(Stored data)

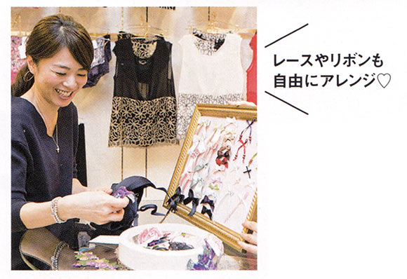 リボンやレース、ビジューなど、カスタマイズが楽しめるのもセミオーダーならでは。所要時間は、約40分。店内は、ショーツやスリップも豊富にそろう。
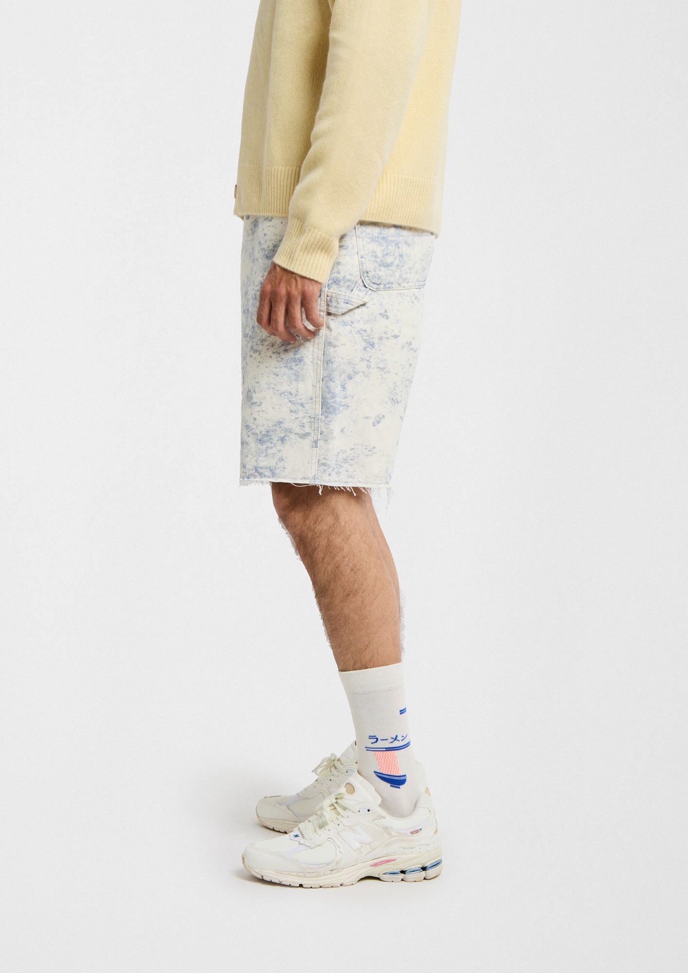 Los calcetines BeRamen presentan una base de color off white con un dibujo lateral de un cuenco de ramen con tono naranja flúor y azul klein. El diseño se concentra en un único punto del calcetín. El talón, la puntera y el puño mantienen el mismo tono del fondo. Un modelo adecuado para looks casuales e informales, fácil de integrar en tus outfits de uso diario.
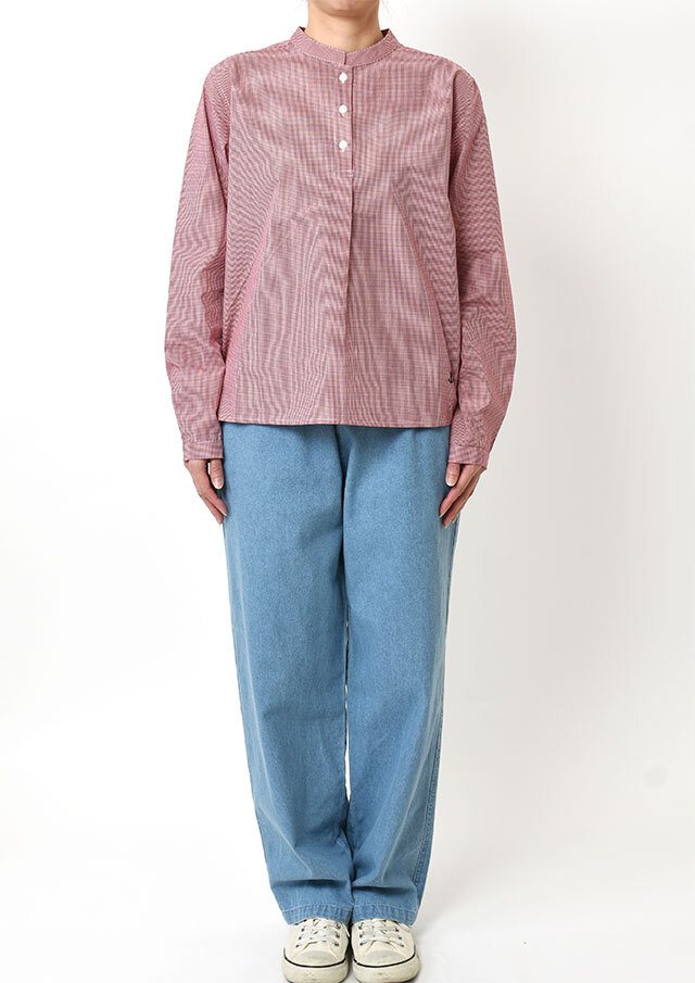 細やかなギンガムチェックが目を引くプルオーバーブラウス。細かめの柄が子どもっぽくなりすぎず、程よいこなれ感を演出。さらっと着るだけでコーデの主役になる一枚です。ゆったりとしたシルエットでリラックス感があり、気負わず着られるのもポイント♪デニムやチノパンと合わせて王道カジュアルに、スカートと合わせれば、さりげない可愛さをプラスできます。
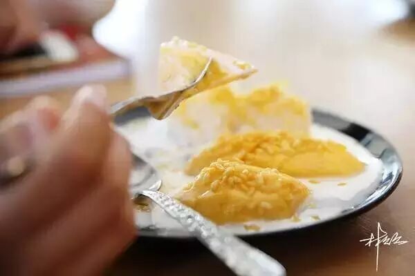 泰国的芒果大多都做成了芒果糯米饭,这一道名扬四海的甜点,糯米、芒果、椰奶这几样的组合,让人无法不爱,软糯的米饭加上汁水饱满的芒果,在浓郁的椰香里一咬一口香脆,感觉像是嘴里盛开了黄色的烟花一样美丽呢,非常好吃。
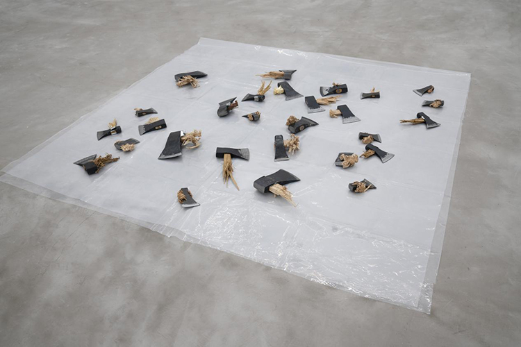 李鋼,《耗材》,2024,斧頭、塑料布、尺寸可變
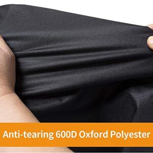 The durability of this grill cover is immediately noticeable. Made from 600D polyester material with a reinforced PVC backing, it offers reliable protection against sun damage, rain, dust, wind, and other weather-related issues. This material is not only strong but also thick, adding an extra layer of security for your grill.
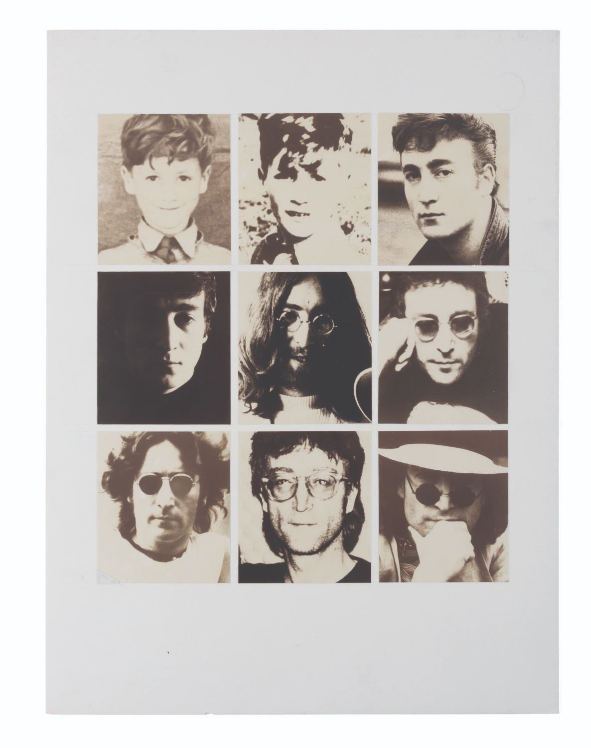 (Lennon, 1990s) A photo layout of John Lennon at nine different ages in his life, for an unknown poster or print project. With an image size of 12" x 13.75" on 15" x 20" art board, the piece is in very good condition with toning to the photo image elements from age.
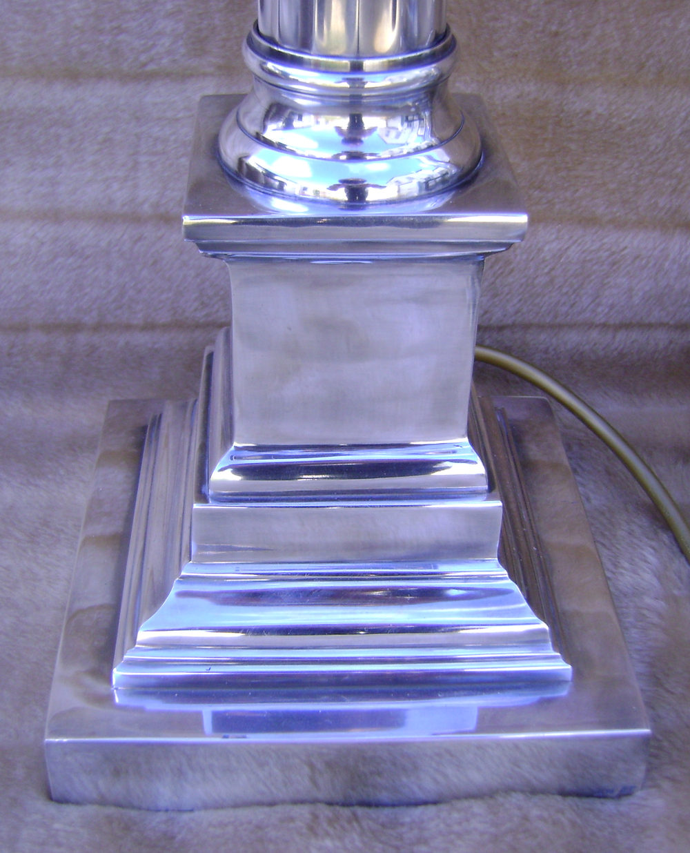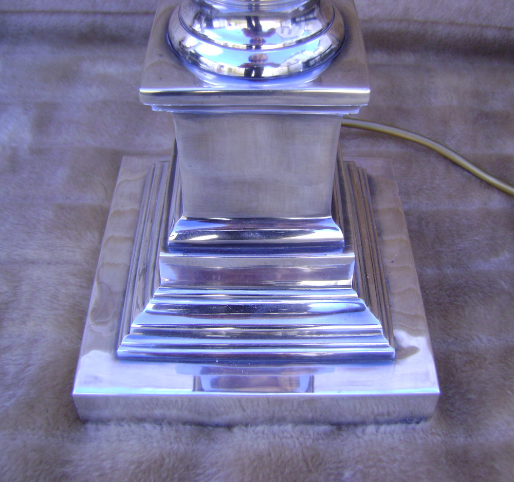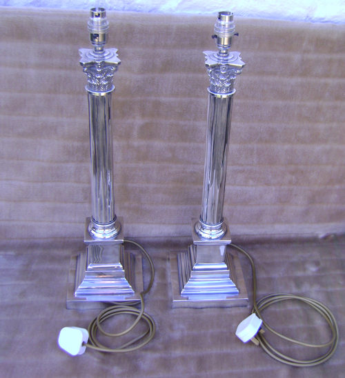 A large and heavy pair of silver plated corinthian column table lamps dating to the early 20th century.
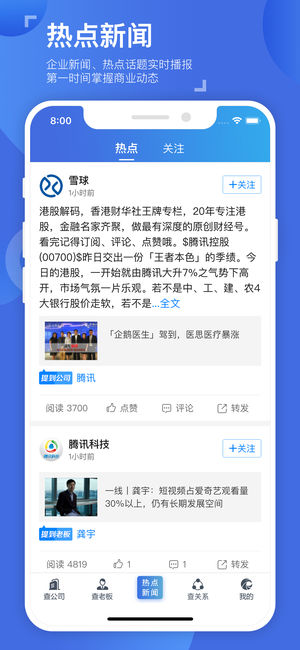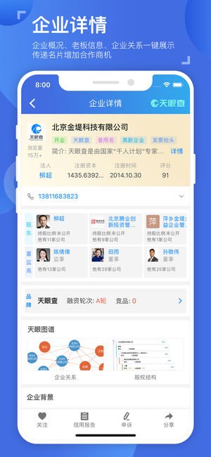 天眼查-查公司查老板查关系,更专业的企业信用信息查询平台,查企业就上天眼查。 天眼一下----让查人变得更简单,查公司变得更快捷。 查企业、查老板、查关系,查征信、查信用、找客户、谈合作、做调研,就上天眼查! 目标人物关系网任意查,想知道的公司信息随便找,百余种数据维度等你看。 关系梳理透明化,专业信用报告呈现等高阶功能,明星和老板们都在用,适用于所有人群。 天眼查实时洞察商业讯息,成功人士都在用的商业安全工具,下载天眼查APP免费查询。 【天眼查的特色功能】 使用便捷:无登录免费查询,不用强制注册即可使用查询功能 权威数据:数据信息与国家权威网站同步,实时更新 企业风险:预估企业…
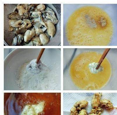 做法:把海蛎子肉放在筛网中,用流动的水冲洗干净,沥净水分备用(虽然我们当地说不洗的海蛎子才最鲜,但是为免汤汁中有碎的蛎壳和杂质,还是冲洗一下放心)。然后将鸡蛋打散,加少许姜粉和白胡椒粉搅匀(加姜粉和白胡椒粉,一是去腥,二是可以温热散寒)。将牡蛎用筷子夹住,在淀粉中滚一圈,抖掉多余的淀粉,再在蛋液中滚一下。这时锅里的植物油烧至六成热左右,大约160度-180度,将牡蛎放入炸十秒左右,时间根据牡蛎大小酌情增减。炸好后捞出,放在吸油纸上,吸掉余油。
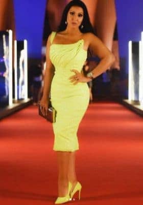 وارتدت سمية فستانا فضياً بحبيبات براقة، وقماشاً شفافاً كشف ساقيها ويديها بوضوح، يُشبه فستان اللبنانية نادين نجيم.
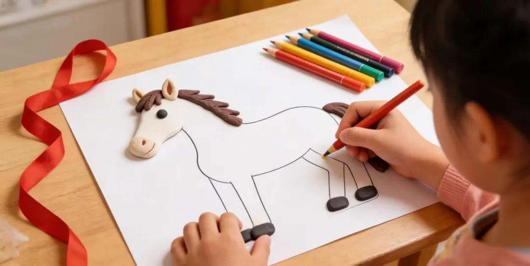 3. 情感强化:孩子完成作品后,一起展示,说:“这是宝贝做的马年小马,真漂亮!马年要像小马一样有力量,开开心心!”

Work to complete: Print all the lines above again exactly, without any pictures.

Exercise output:
 リボンやレース、ビジューなど、カスタマイズが楽しめるのもセミオーダーならでは。所要時間は、約40分。店内は、ショーツやスリップも豊富にそろう。
 Los calcetines BeRamen presentan una base de color off white con un dibujo lateral de un cuenco de ramen con tono naranja flúor y azul klein. El diseño se concentra en un único punto del calcetín. El talón, la puntera y el puño mantienen el mismo tono del fondo. Un modelo adecuado para looks casuales e informales, fácil de integrar en tus outfits de uso diario.
 細やかなギンガムチェックが目を引くプルオーバーブラウス。細かめの柄が子どもっぽくなりすぎず、程よいこなれ感を演出。さらっと着るだけでコーデの主役になる一枚です。ゆったりとしたシルエットでリラックス感があり、気負わず着られるのもポイント♪デニムやチノパンと合わせて王道カジュアルに、スカートと合わせれば、さりげない可愛さをプラスできます。
 泰国的芒果大多都做成了芒果糯米饭,这一道名扬四海的甜点,糯米、芒果、椰奶这几样的组合,让人无法不爱,软糯的米饭加上汁水饱满的芒果,在浓郁的椰香里一咬一口香脆,感觉像是嘴里盛开了黄色的烟花一样美丽呢,非常好吃。
 李鋼,《耗材》,2024,斧頭、塑料布、尺寸可變
 The durability of this grill cover is immediately noticeable. Made from 600D polyester material with a reinforced PVC backing, it offers reliable protection against sun damage, rain, dust, wind, and other weather-related issues. This material is not only strong but also thick, adding an extra layer of security for your grill.
 (Lennon, 1990s) A photo layout of John Lennon at nine different ages in his life, for an unknown poster or print project. With an image size of 12" x 13.75" on 15" x 20" art board, the piece is in very good condition with toning to the photo image elements from age.
 A large and heavy pair of silver plated corinthian column table lamps dating to the early 20th century.
 天眼查-查公司查老板查关系,更专业的企业信用信息查询平台,查企业就上天眼查。 天眼一下----让查人变得更简单,查公司变得更快捷。 查企业、查老板、查关系,查征信、查信用、找客户、谈合作、做调研,就上天眼查! 目标人物关系网任意查,想知道的公司信息随便找,百余种数据维度等你看。 关系梳理透明化,专业信用报告呈现等高阶功能,明星和老板们都在用,适用于所有人群。 天眼查实时洞察商业讯息,成功人士都在用的商业安全工具,下载天眼查APP免费查询。 【天眼查的特色功能】 使用便捷:无登录免费查询,不用强制注册即可使用查询功能 权威数据:数据信息与国家权威网站同步,实时更新 企业风险:预估企业…
 做法:把海蛎子肉放在筛网中,用流动的水冲洗干净,沥净水分备用(虽然我们当地说不洗的海蛎子才最鲜,但是为免汤汁中有碎的蛎壳和杂质,还是冲洗一下放心)。然后将鸡蛋打散,加少许姜粉和白胡椒粉搅匀(加姜粉和白胡椒粉,一是去腥,二是可以温热散寒)。将牡蛎用筷子夹住,在淀粉中滚一圈,抖掉多余的淀粉,再在蛋液中滚一下。这时锅里的植物油烧至六成热左右,大约160度-180度,将牡蛎放入炸十秒左右,时间根据牡蛎大小酌情增减。炸好后捞出,放在吸油纸上,吸掉余油。
 وارتدت سمية فستانا فضياً بحبيبات براقة، وقماشاً شفافاً كشف ساقيها ويديها بوضوح، يُشبه فستان اللبنانية نادين نجيم.
 3. 情感强化:孩子完成作品后,一起展示,说:“这是宝贝做的马年小马,真漂亮!马年要像小马一样有力量,开开心心!”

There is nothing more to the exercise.